Художник обращался к натуре, которая жила вокруг него: смеялась, страдала, радовалась и плакала, поражала и своим грубым мужеством, и прелестью грациозной походки. Натуре, которую он, человек, бессильный перед своим талантом, пытался облечь в какие-то общие черты, придать ей единообразие, создать свой тип. У него мало резко индивидуальных психологических характеристик. Но он был на пути к этому. Гроссмейстер Мальтийского ордена Алоф де Виньякур на портрете Караваджо коварен, злобен, мстителен. "Кто? — словно вопрошает этот мелкий, тупоголовый властелин, одетый в сверкающие доспехи. — Кто осмелится посягнуть на мои власть и богатство?" Все его естество пронизано этим вопросом, в нем вся жизненная программа. Это Алоф де Виньякур произведет Караваджо в рыцари Мальтийского ордена, а затем заточит в темницу.

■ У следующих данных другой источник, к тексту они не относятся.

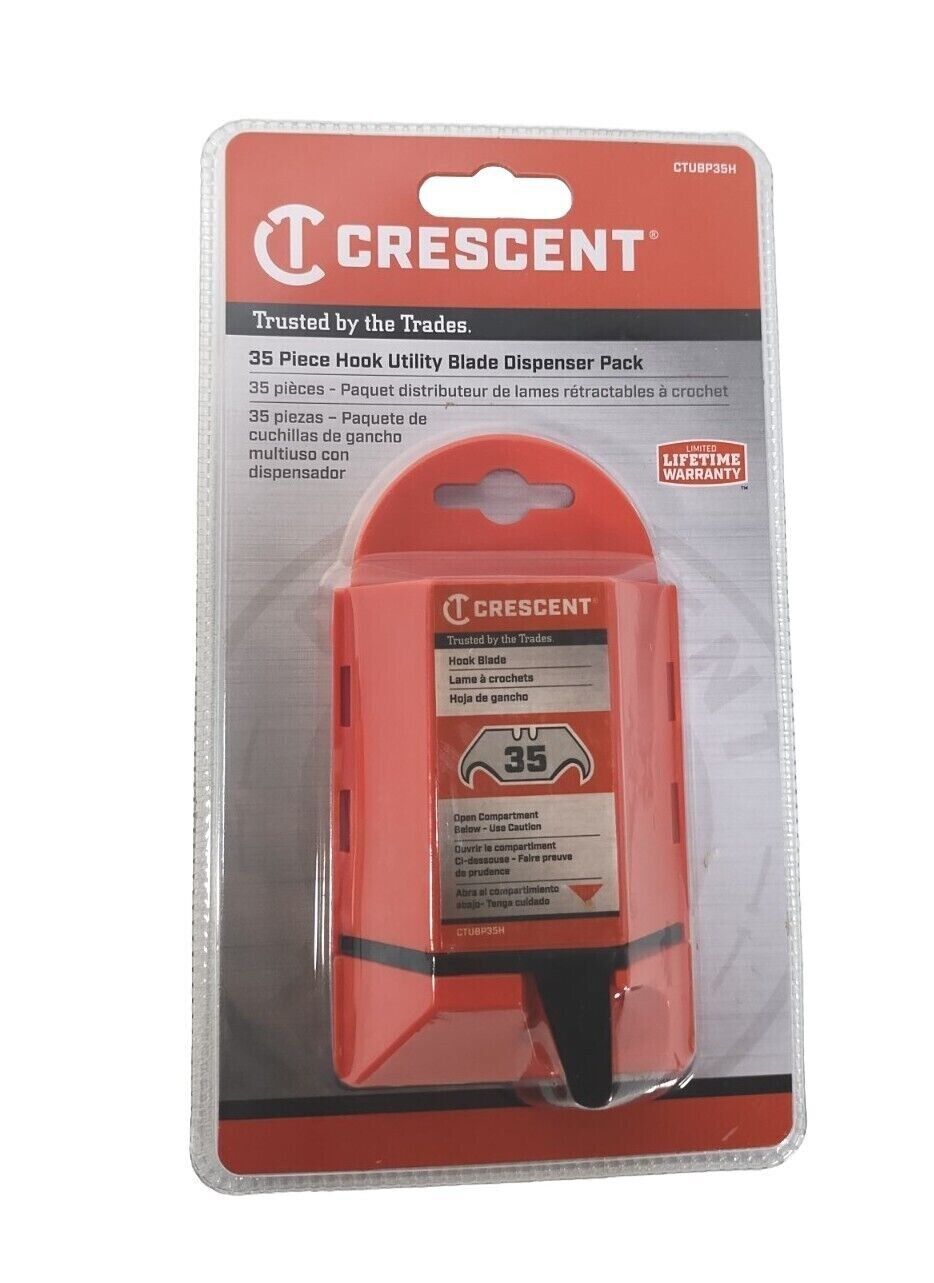 Crescent 35 piece hook utility blade pack in wall mount dispensable holder. Hook blade design great for holding the material for clean rip cuts Designed to fit most standard utility knives Spring loaded blade holder great for quick and easy blade access Convenient wall mounted holder for a safe blade transaction.

"Божество говорит с помощью живописи…" — решение Тридентского собора, запрещающее отображать в искусстве все то, что противоречит церковной догме, дамокловым мечом нависло над теми, кто пожелал бы воспевать что-либо нецерковное. Крестьян и горожан сделал Караваджо главными действующими лицами своей живописной мистерии. Они назывались у него библейскими святыми, а оставались простыми итальянцами, простодушно-умными, мудрыми и страстными.
Современники ставили ему в вину: "Следует своему собственному гению, не питая никакого уважения к превосходнейшим античным мраморам", — а Караваджо бежал в толпу, хватал за руку нищую или цыганку и тут же писал их. Утверждал превосходство живой модели перед антиками.
За отношением к его живописи, к нему самому чувствуется социальная подоплека. Вслушайтесь: тех, кого он изображал в виде всевозможных святых, иные его собратья по кисти именовали "низкими".
Его упрекают, что "Мадокна пилигримов", где он изобразил нищих, "ценилась простолюдинами".
Сильных мира сего и старейшин маньеризма коробят босые, грубые крестьянские ноги, торчащие из холстов Караваджо.
Целая галерея сцен жизни простых людей — их горя, надежд, страданий — проходит перед нами.
Заказчики из монастырей отказываются от этих картин, заставляют мастера переписывать их дважды и трижды.
Караваджо был гениальным и смелым новатором, он настойчиво отстаивал свою позицию в искусстве, противники обвиняли его в самонадеянности, что, впрочем, не помешало впоследствии иным из них стать биографами мастера.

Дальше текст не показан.